Training can prevent sexual assaults
The Air Force has a strong commitment to reducing the number of sexual assaults using prevention training to bring awareness to this crime along with offering reporting options for victims. The 4th Fighter Wing Sexual Assault Prevention and Response Office provides training to identify risky situations and encourage responsible choices. Through bystander intervention training, Airmen are taught that they must be aware of the situation around them and their friends, and be ready to step in and act when needed. This awareness can change a situation and ultimately prevent a crime.

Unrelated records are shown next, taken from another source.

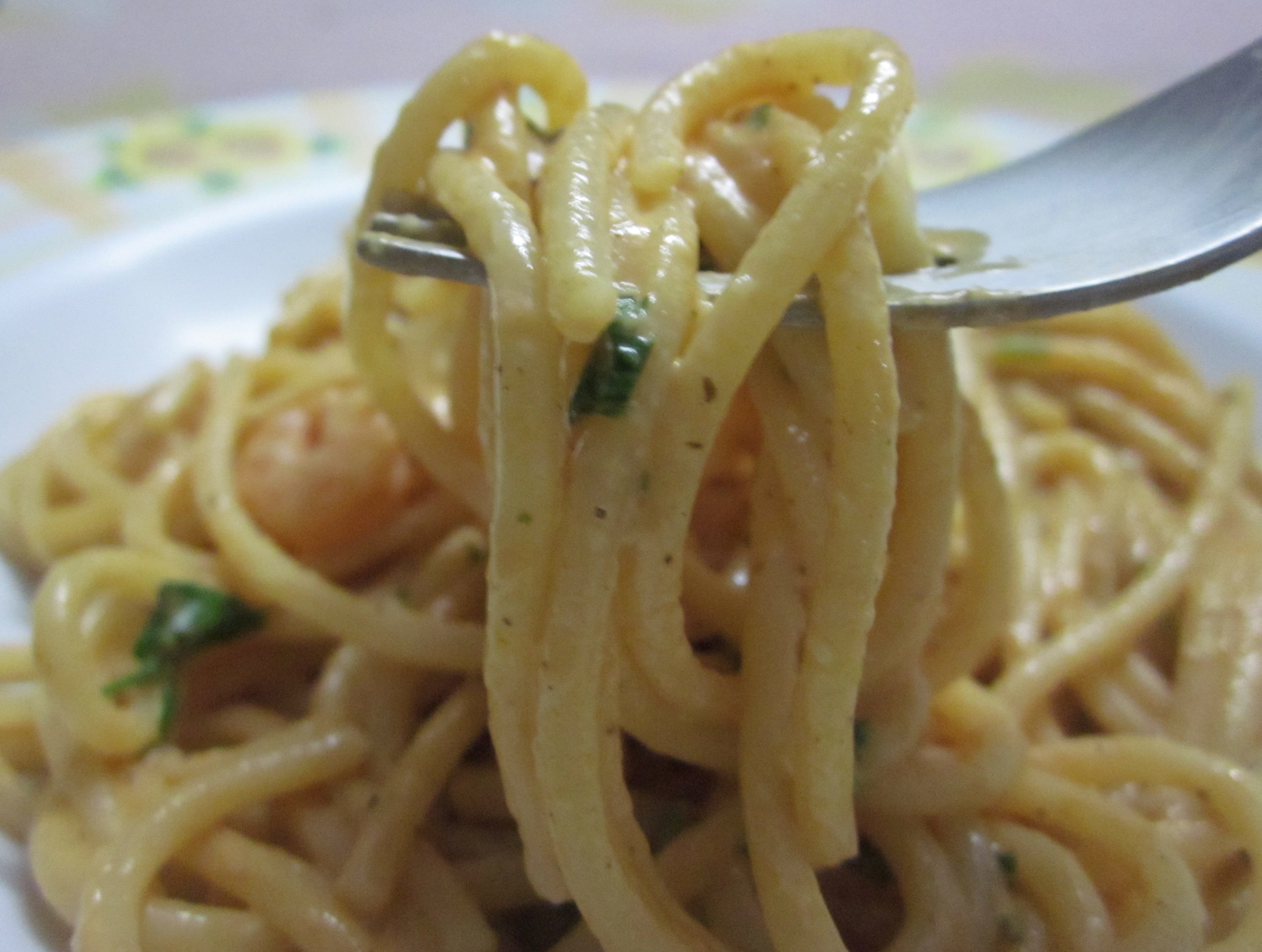 Long, slippery-smooth spaghetti. Each velvety strand coated with a peach-coloured sauce.
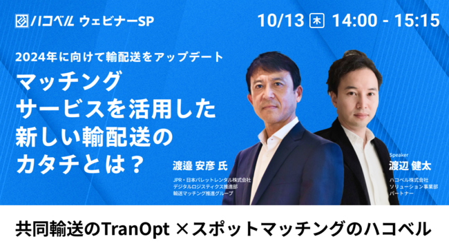 物流プラットフォーム「ハコベル」を展開するハコベル株式会社(本社:東京都品川区、代表取締役社長CEO:狭間 健志、以下:ハコベル)は10月13日(木)に、JPR・日本パレットレンタル株式会社 デジタルロジスティクス推進部 輸送マッチング推進グループ 渡邉 安彦氏をお迎えし「2024年に向けて輸配送をアップデート マッチングサービスを活用した新しい輸配送のカタチとは?」を開催することをお知らせいたします。
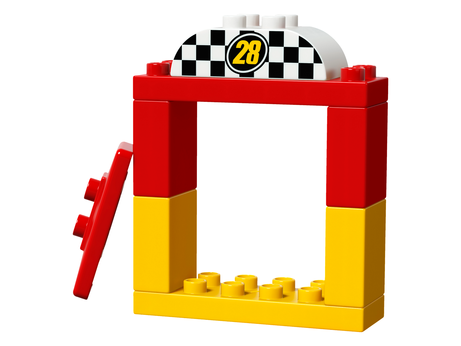 Duplo, Brick 2 x 4 Curved Top with Yellow '28' with Black and White Checkered Pattern
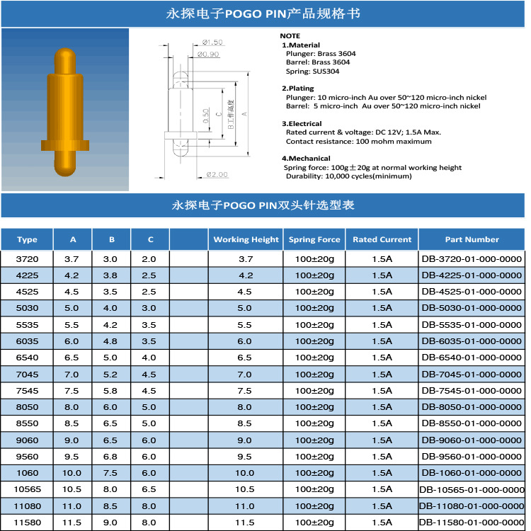 廠家非標(biāo)定 制鍍金黃銅觸針pogopin 彈簧針 大電流針頂針連接器
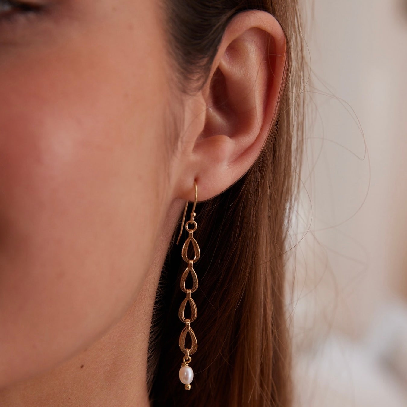 「LOU」ピアスは、縦に連なるドロップ型のゴールドピアスは、顔まわりを華やかに演出。シンプルながらも存在感があり、耳元に上品な輝きをプラスします。動くたびに揺れるデザインが、エレガントさをさらに引き立てます。
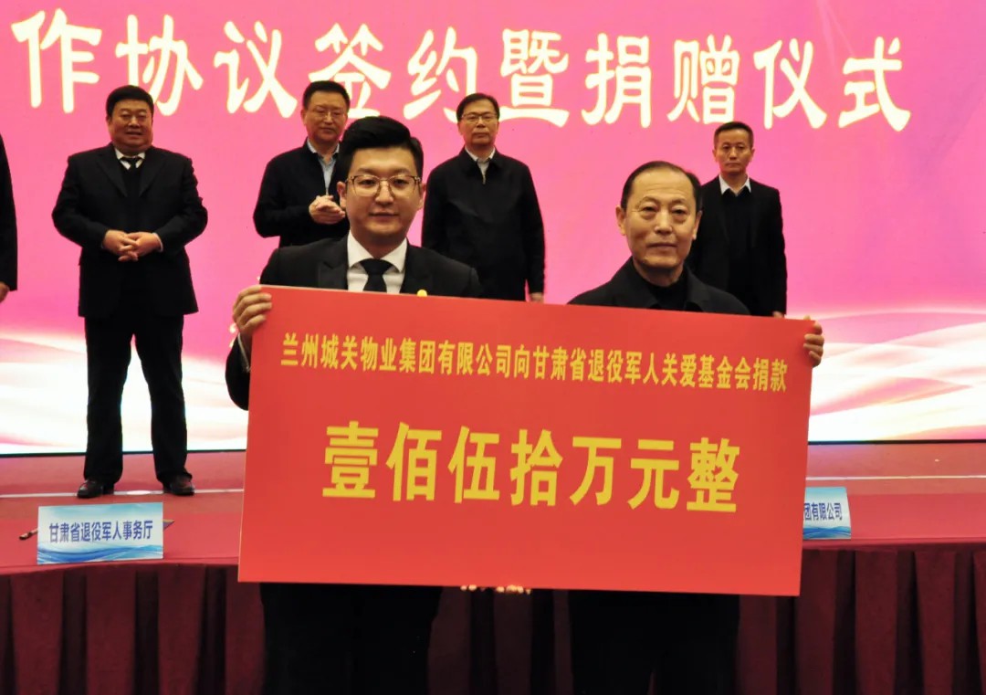 社會(huì )尊崇,愛(ài)滿(mǎn)人間。為深化雙擁共建,關(guān)愛(ài)退役軍人,甘肅省退役軍人事務(wù)廳與蘭州城關(guān)物業(yè)集團戰略合作協(xié)議簽約暨捐贈儀式在省城寧臥莊賓館舉行。
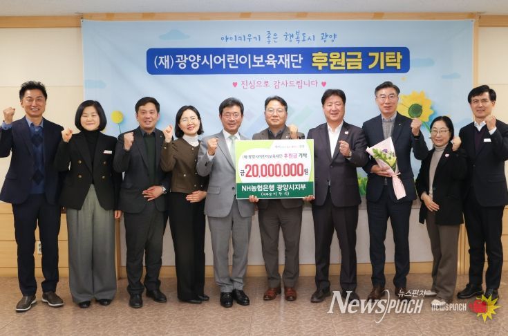 시 관계자는 “오랜 기간 한결같은 마음으로 지역 아이들을 위해 따뜻한 나눔을 실천해 주신 NH농협 광양시지부에 진심으로 감사드린다”며 “이번 기부는 단순한 후원을 넘어 아이 키우기 좋은 광양을 함께 만들어 가겠다는 지역사회의 굳은 약속이자 큰 응원”이라고 강조했다. 이어 “오늘 전달된 소중한 후원금은 아이들의 건강한 성장과 부모님들의 든든한 버팀목이 될 것”이라며 “광양시는 앞으로도 재단과 함께 아이 한 명, 한 명이 소중히 자라날 수 있는 아이 키우기 좋은 도시, 부모가 안심할 수 있는 도시를 만들기 위해 최선을 다하겠다”고 말했다.
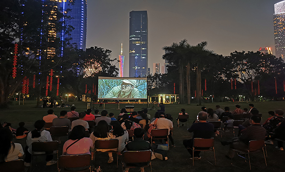 3月17日,夜幕降臨,廣州市演出電影公司的工作人員珠江公園大草坪豎起了雪白的大銀幕,在微芒路燈的點綴下格外顯眼,銀幕上隨后放映起紅色影片《萬里歸途》。現(xiàn)場座無虛席,一旁不停有市民游客駐足觀看。據(jù)悉,這正是我市如火如荼開展的英雄花開英雄城系列活動之紅棉展映中的一場。
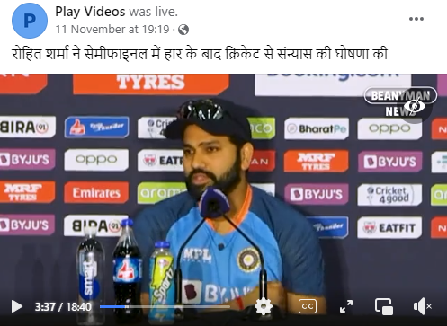 अपडेट- रोहित शर्मा के संन्यास लेने वाला दावा इस खबर में 13 नवंबर 2022 को जोड़ा गया है.
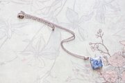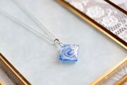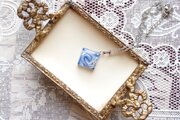 白とシルバーのマーブル模様の隙間から覗く落ち着いた深いブルーが印象的なペンダント。
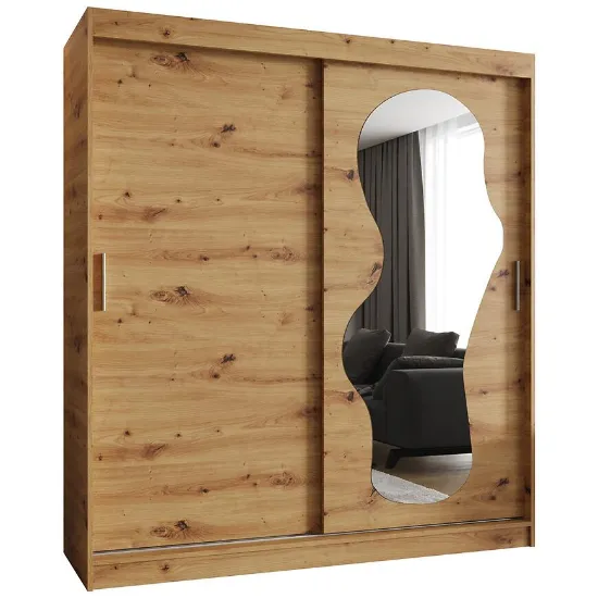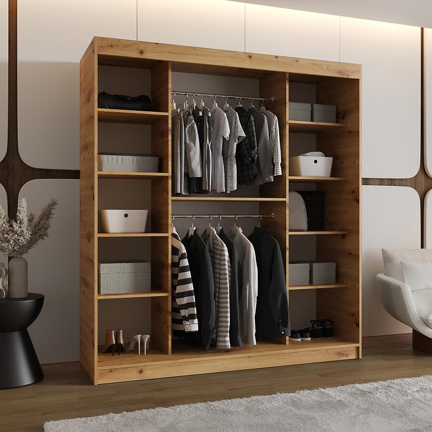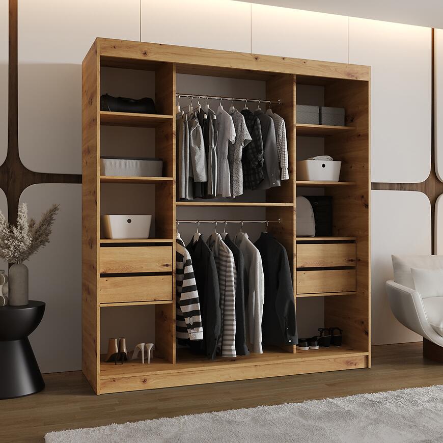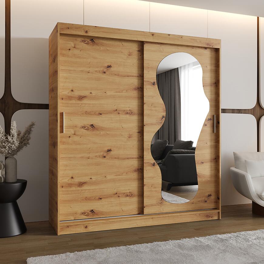 Szafa Ultra 180 w kolorze artisan to funkcjonalny i stylowy mebel do nowoczesnej sypialni. Dwudrzwiowa konstrukcja z drzwiami przesuwnymi oraz dużym lustrem pozwala oszczędzić miejsce, a jednocześnie wprowadza poczucie przestronności i elegancji do wnętrza. Jasne, drewnopodobne wybarwienie frontów w połączeniu z korpusem w odcieniu dąb artisan nadaje szafie naturalny, ciepły i nowoczesny charakter, idealny do aranżacji w stylu skandynawskim i minimalistycznym.
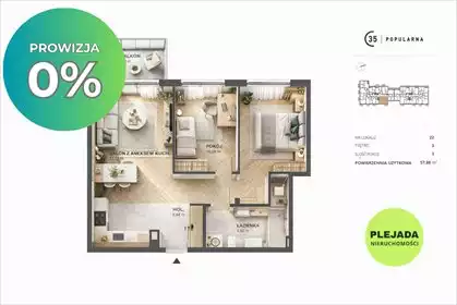 Na sprzedaż komfortowe, funkcjonalne 3-pokojowe mieszkanie o powierzchni 62,35 m², położone w okolicy Parku Reduta, w nowoczesny...
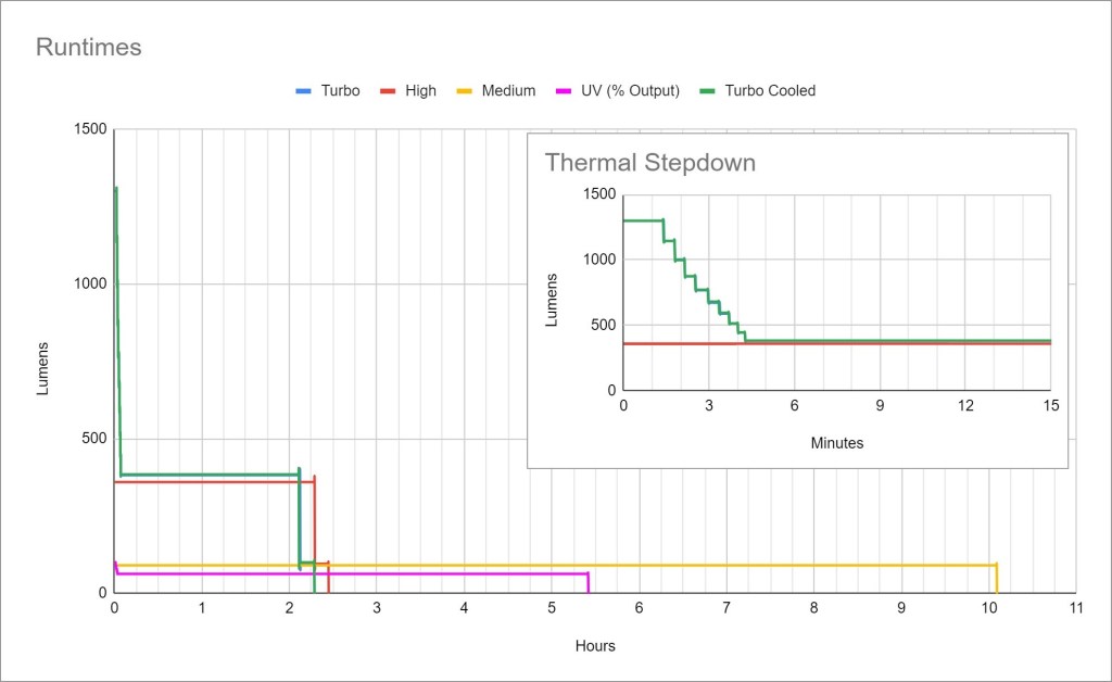 Performance: Turbo time is only 1.5 minutes (half of Arkfeld Pro’s Turbo time), and that’s odd. After that, the performance is virtually identical to Arkfeld Pro. Stable output is about 400 lumens for about 2 hours. That’s a bit conservative but still plenty bright. UV output steps down a bit in the first few minutes but then it’s perfectly flat for the rest of the test.

Most sexual assaults that occur here involve alcohol and are usually committed by someone the victim knows or works with. This is referred to as date or acquaintance rape. After this type of rape is committed, friends may take sides with either the alleged victim or perpetrator, thus creating havoc within a unit. Often, it could have been prevented if someone had just stepped in or said something. Is it uncomfortable to step in? Maybe, but it is what the Air Force expects you to do. Besides, how would you feel if you did nothing and someone was sexually assaulted?
While we know the majority of people are not rapists or abusers and would not hurt someone they care about, there are still some among us who would prey on an unsuspecting person. Every day we are bombarded with movies, magazines, television and music depicting women as weak, submissive or degraded. Alcohol is frequently a part of the equation. We become desensitized by what we see and hear and, over time, we come to view this as normal behavior.
Department of Defense and Air Force training is promoting a change and forces us to relook at what we can do to prevent sexual assaults.
Annual training arms Airmen with information to help protect them and their friends or co-workers and provide support to victims. Victim advocates, after completing their training, frequently comment on how it has opened their eyes and changed the way they look at movies, magazines and television.